What you need to do — Taking the line with "2013年11月12日下午,承德市疾控中" as the first and the line with "为了解决上述问题,华为云软件" as the last, set down the lines below exactly, pictures excluded.

Records —
================

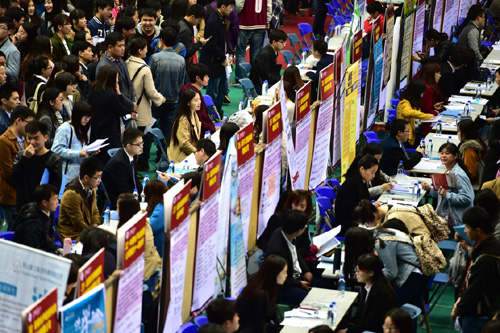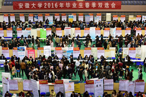 这是安徽大学2016年毕业生春季双选招聘会现场(4月6日摄)新华社记者 刘军喜 摄。
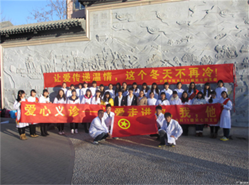 2013年11月12日下午,承德市疾控中心、承德医学院附属医院社区服务站以及我校护理学院2011级本科第七团支部在承德市西大街头道牌楼社区广场举办了以“爱心义诊 健康同行”为主题的团日活动。活动中同学们分为两组,一组积极给居民发放宣传手册并向居民讲解营养保健及医疗健康等知识;另一组义务给居民们测量血压、心率、脉搏,并指导居民们健康合理饮食、有效预防疾病。通过此次活动,同学们不仅运用专业知识帮助社区居民发现自身存在的健康问题,让他们做到早发现、早预防、早治疗,而且还展示了医学生风采,弘扬了新时代大学生的实践服务精神。
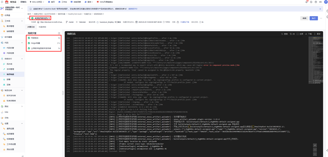 为了解决上述问题,华为云软件开发生产线CodeArts提供了鸿蒙应用的一站式开发能力,覆盖代码托管、代码检查、编译构建、二进制仓库、发布部署等多个环节,实现鸿蒙应用和元服务的构建打包和批量发布,解放本地算力,提升研发效率。
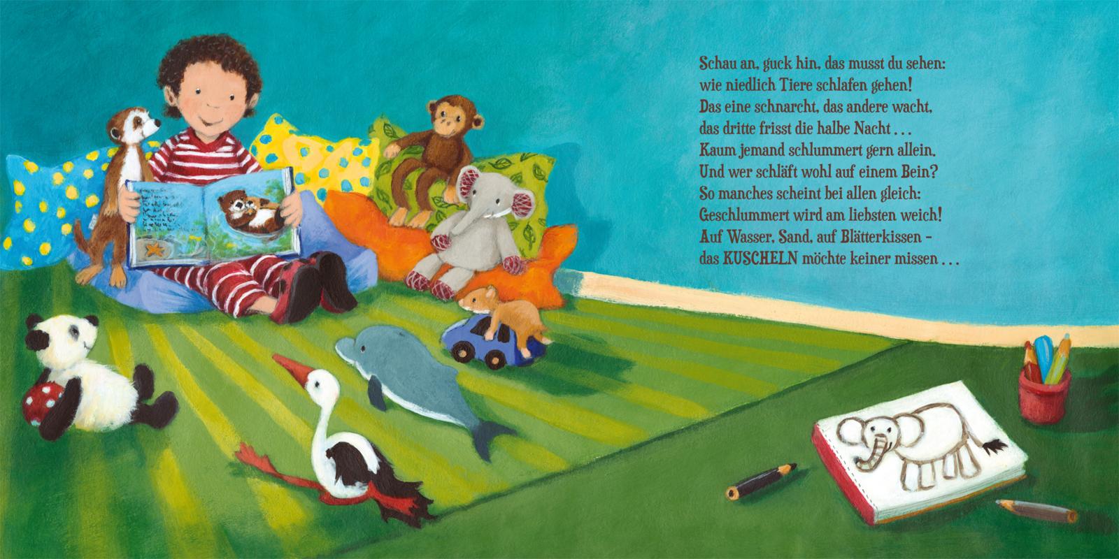 - Beschreibung Mit diesem Gutenachtbuch finden kleine Leser bestimmt leichter in den Schlaf, denn die Tierkinder machen es vor und jedes auf seine ganz besondere ihm typische Art: Der kleine Otter treibt beim Schlafen auf dem Wasser und hält sich an Mamas Pfoten fest. Die Erdmännchen schlummern am liebsten dicht an dicht und die Affen bauen sich ein weiches Blätternest im Baum. Lustige Reime zu vielen liebenswerten Tierkindern begleiten müde, kleine Leser in den Schlaf.
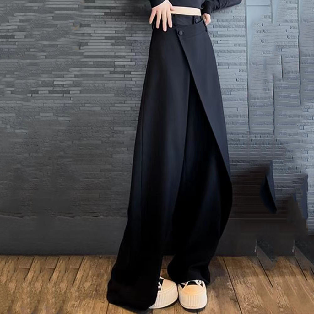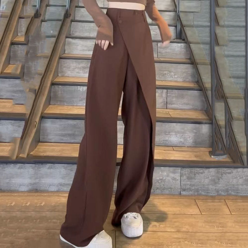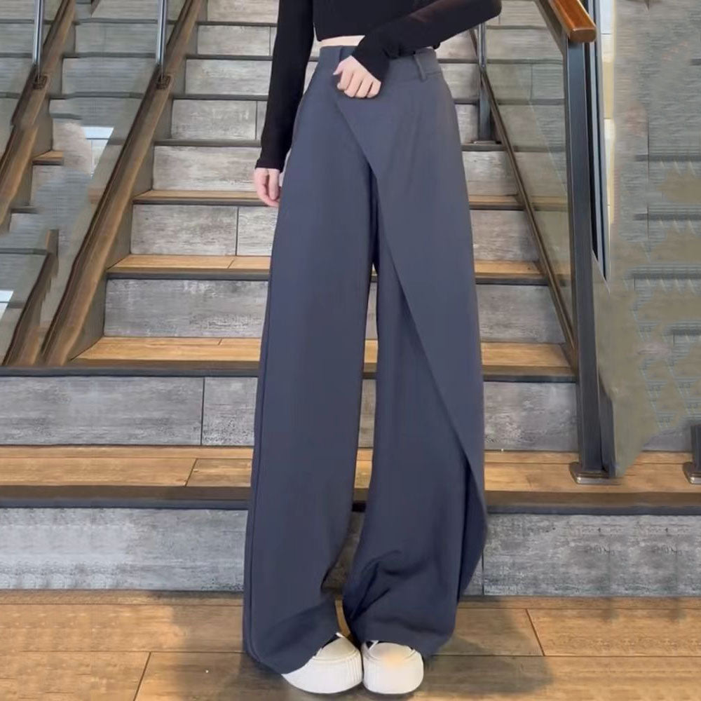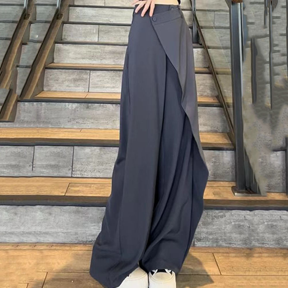 Fashion Irregular Stitching Straight-leg Trousers Women's Fried Street Pleated Suit Pants
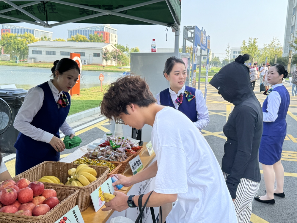 9月8日清晨,物业员工在宿舍区主干道布置好迎新帐篷,为新生和家长们提供了饮用水、零食水果和纸巾,发放小扇子,为迎新活动保驾护航。同时还为新入学的机电学子准备了宿舍生活小指南,为新生和家长指路答疑,帮助新同学快速熟悉校园。

================

Your response —
 2013年11月12日下午,承德市疾控中心、承德医学院附属医院社区服务站以及我校护理学院2011级本科第七团支部在承德市西大街头道牌楼社区广场举办了以“爱心义诊 健康同行”为主题的团日活动。活动中同学们分为两组,一组积极给居民发放宣传手册并向居民讲解营养保健及医疗健康等知识;另一组义务给居民们测量血压、心率、脉搏,并指导居民们健康合理饮食、有效预防疾病。通过此次活动,同学们不仅运用专业知识帮助社区居民发现自身存在的健康问题,让他们做到早发现、早预防、早治疗,而且还展示了医学生风采,弘扬了新时代大学生的实践服务精神。
 为了解决上述问题,华为云软件开发生产线CodeArts提供了鸿蒙应用的一站式开发能力,覆盖代码托管、代码检查、编译构建、二进制仓库、发布部署等多个环节,实现鸿蒙应用和元服务的构建打包和批量发布,解放本地算力,提升研发效率。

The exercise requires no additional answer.